PROVIDED DATA —
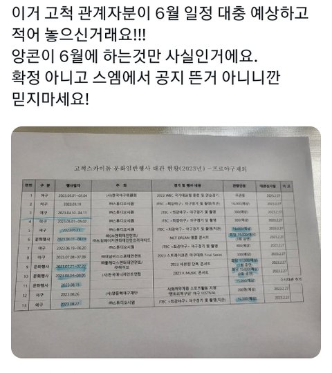 아마 이 주는 확정인 거 같은데 이런 얘기가 있어서... 그담주 화요일에 야구 있어서 일요일은 무리이겠지ㅠㅠ
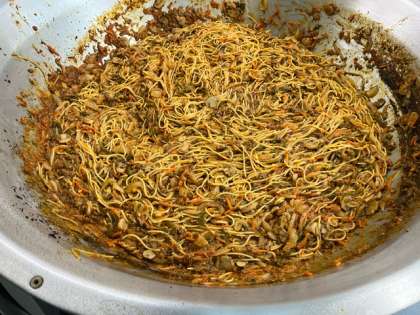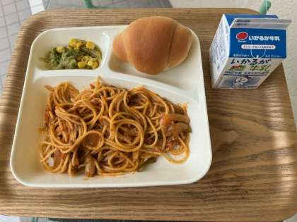 今日の献立のミートソーススパゲッティは、牛ひき肉、豚ひき肉、たまねぎ、にんじん、ピーマン、にんにく、マッシュルームが入ったスパゲッティです。上新粉でとろみをつけています。とても食べやすく、おいしい一品でした。
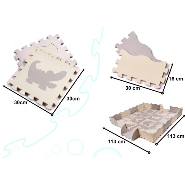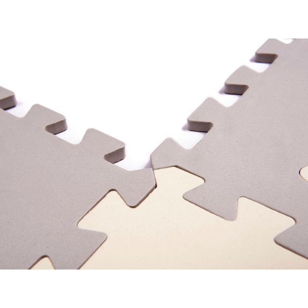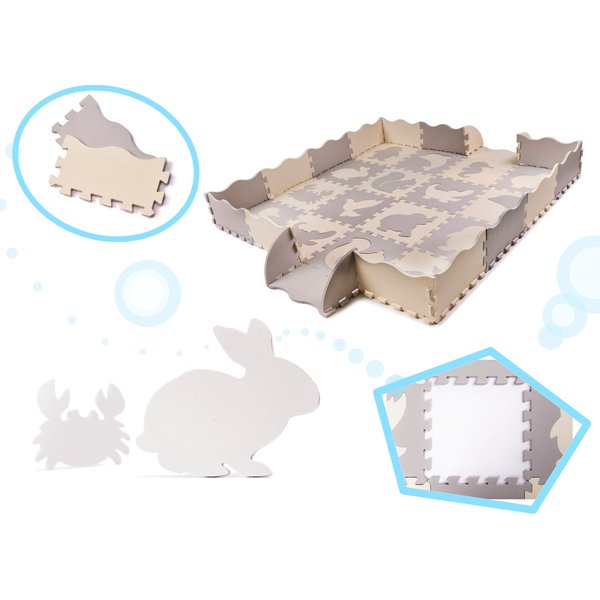 Miękkie, wykonane z antypoślizgowej i wodoodpornej pianki EVA puzzle oferują wiele sposobów zabawy. Można wyjmować poszczególne elementy z ramek, budować z nich różne konstrukcje 3D (sześciany, tunele, prostopadłościany, kojec) albo wykorzystywać jako matę chroniącą maluszka podczas zabawy na podłodze. Doskonale amortyzują każdy upadek dziecka, które dopiero uczy się chodzić, pozwolą na wesołą zabawę na podłodze, izolując od nieprzyjemnego chłodu. Puzzle posiadają kontrastową kolorystykę, a dziecko może bawić się nimi jak sorterem, dopasowując kształty do poszczególnych ramek.

GOAL OF THE EXERCISE — The copy should run from the first line of the material above through the line with "今日の献立のミートソーススパ", repeated exactly and without pictures.

SOLUTION TO THE EXERCISE —
 아마 이 주는 확정인 거 같은데 이런 얘기가 있어서... 그담주 화요일에 야구 있어서 일요일은 무리이겠지ㅠㅠ
 今日の献立のミートソーススパゲッティは、牛ひき肉、豚ひき肉、たまねぎ、にんじん、ピーマン、にんにく、マッシュルームが入ったスパゲッティです。上新粉でとろみをつけています。とても食べやすく、おいしい一品でした。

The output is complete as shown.